§ **What the task asks**
Exactly reproduce the lines of the listing below from the one containing "Áo khoác MIUMIU" through the one containing "Alice et Aeris". Skip the images.

§ **Records for the exercise**
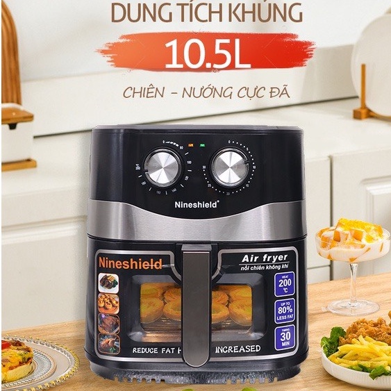 NỒI CHIÊN KHÔNG DẦU NINESHIELD 10L KB-8001M DUNG TÍCH CỰC LỚN
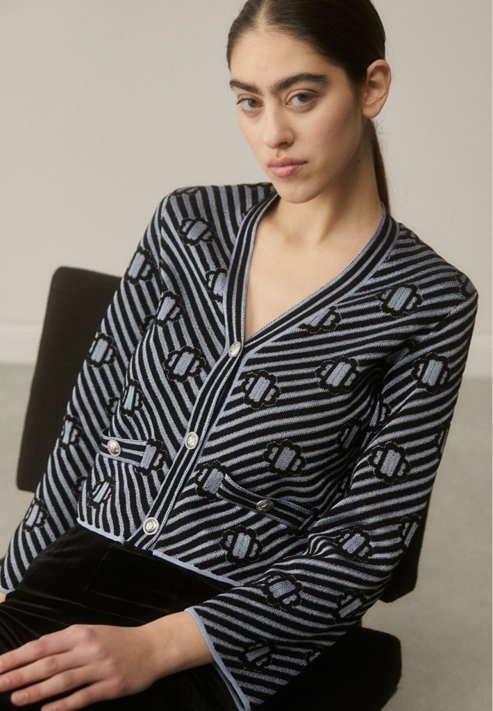 Áo khoác MIUMIU ghi viền tay nâu chun gấu (có set)
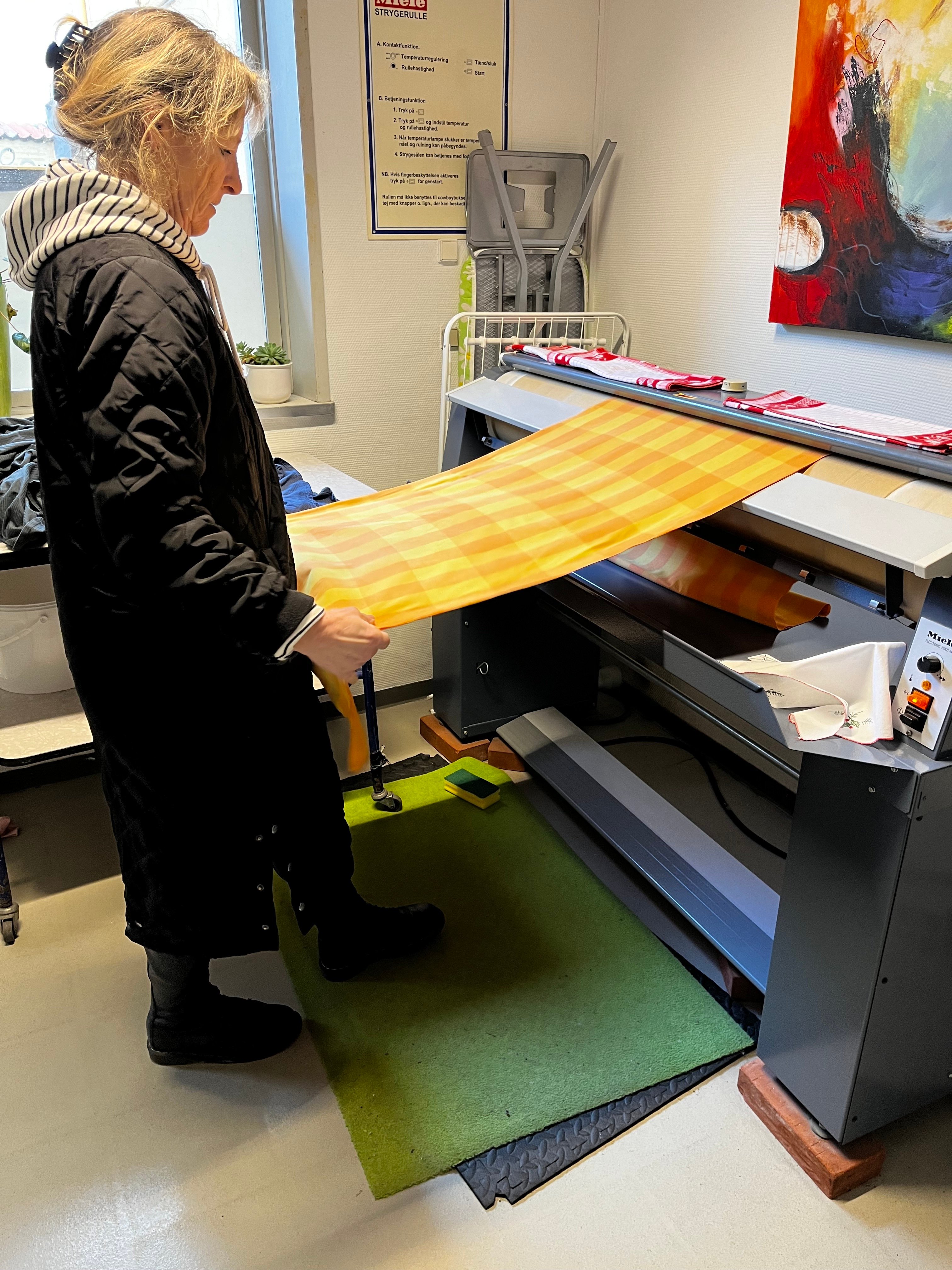 Næste område består af opbevaring samt en stor varmerulle samt stativer til ophængning af rulle tøj til afkøling.
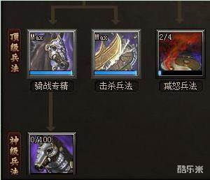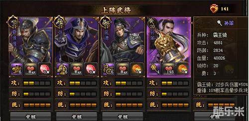 配置如下:宝石88776,四紫将+孟获(孙策已觉醒),宝物5个黄1和1个绿1,兵法减怒2级击杀满级。
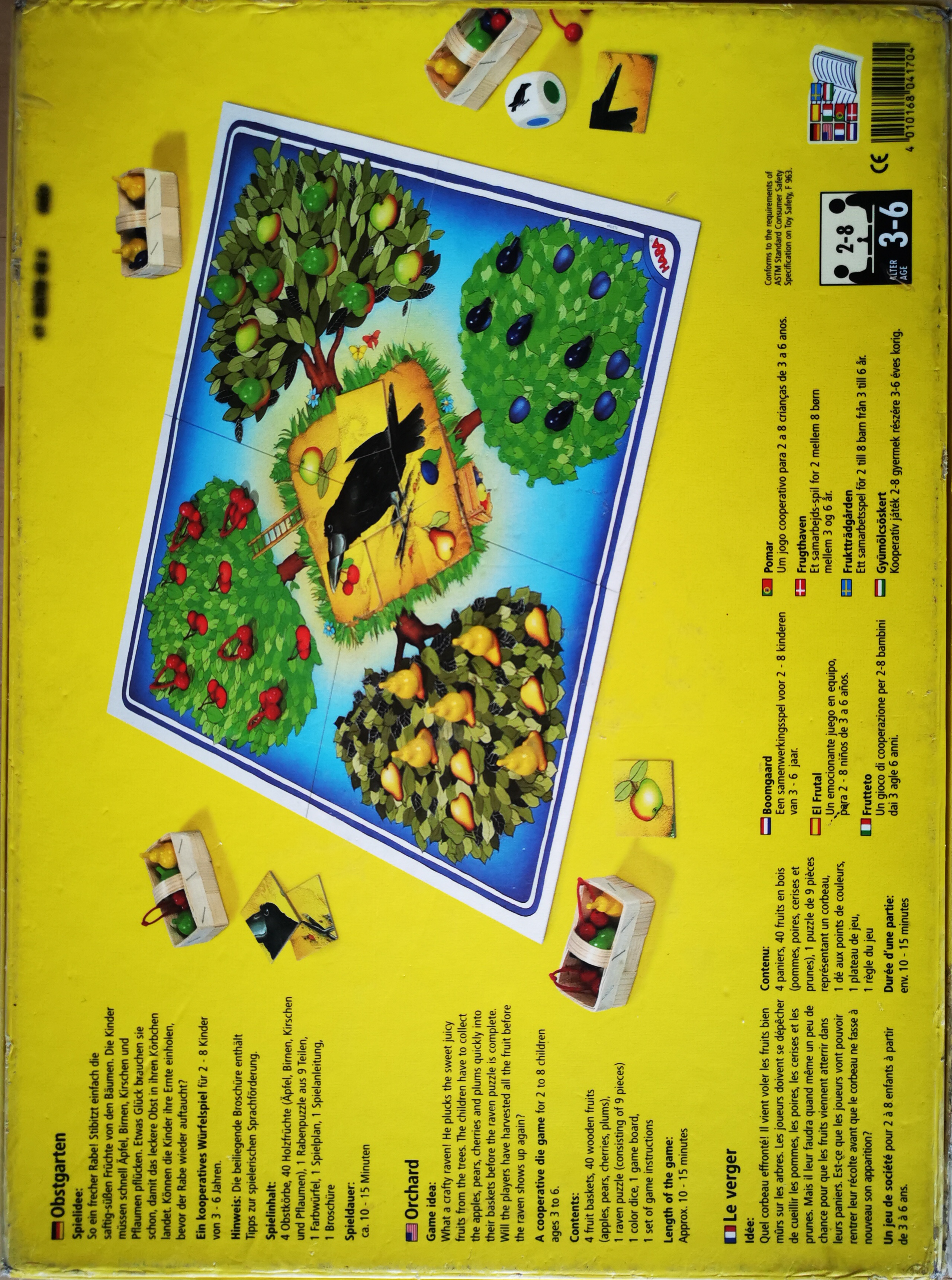 Matériel : 10 pommes, 10 poires, 9 cerises, 10 prunes, 4 paniers (dont cassés), 1 dé spécial, 1 plateau de jeu, 9 pièces de puzzle, 1 règle.
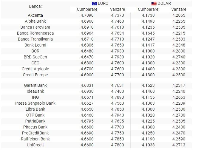 Aici găsiți cursul schimbului valutar la ghișeu și carduri de plată.
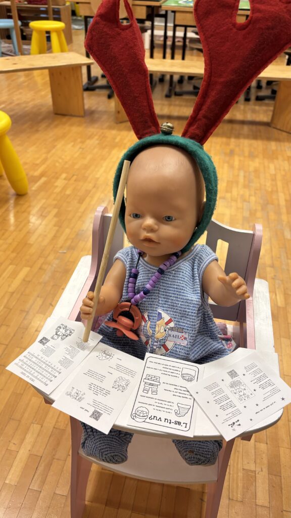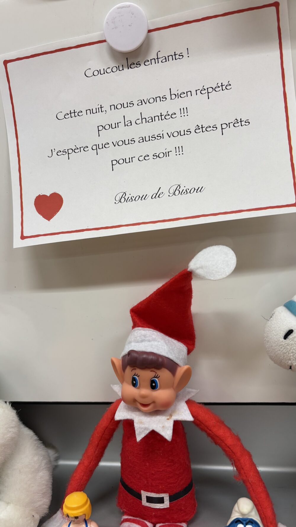Alice et Aeris ont remis Bisou dans son lit ! Tomate, le lutin d’Aeris est venu nous rendre visite et il tient compagnie à Bisou ! On espère qu’ils ne feront pas de bêtises !!!
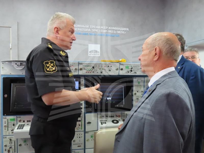 Объединенный стенд холдинга посетил главнокомандующий Военно-морским флотом России адмирал Николай Евменов. Он внимательно ознакомился с морской версией зенитного ракетного комплекса ближнего радиуса действия «Тор», который уже через несколько лет будут устанавливать на новые российские корабли. Главкому ВМФ также показали автономный тренажер командира и оператора боевых машин 9Ф678М изделия 9А331МЭ.
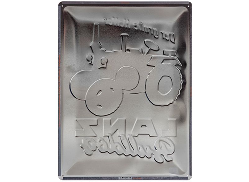 Dekorativní plechová cedule John Deere vyrobená z extra silného ocelového plechu, který je klenutý a vyražený ve více vrstvách. Cedule má zvlněné okraje, zaoblené rohy, předvrtané otvory a ochranný lak. Samostatně balené v pevných plastových sáčcích.

§ **Answer box**
 Áo khoác MIUMIU ghi viền tay nâu chun gấu (có set)
 Næste område består af opbevaring samt en stor varmerulle samt stativer til ophængning af rulle tøj til afkøling.
 配置如下:宝石88776,四紫将+孟获(孙策已觉醒),宝物5个黄1和1个绿1,兵法减怒2级击杀满级。
 Matériel : 10 pommes, 10 poires, 9 cerises, 10 prunes, 4 paniers (dont cassés), 1 dé spécial, 1 plateau de jeu, 9 pièces de puzzle, 1 règle.
 Aici găsiți cursul schimbului valutar la ghișeu și carduri de plată.
Alice et Aeris ont remis Bisou dans son lit ! Tomate, le lutin d’Aeris est venu nous rendre visite et il tient compagnie à Bisou ! On espère qu’ils ne feront pas de bêtises !!!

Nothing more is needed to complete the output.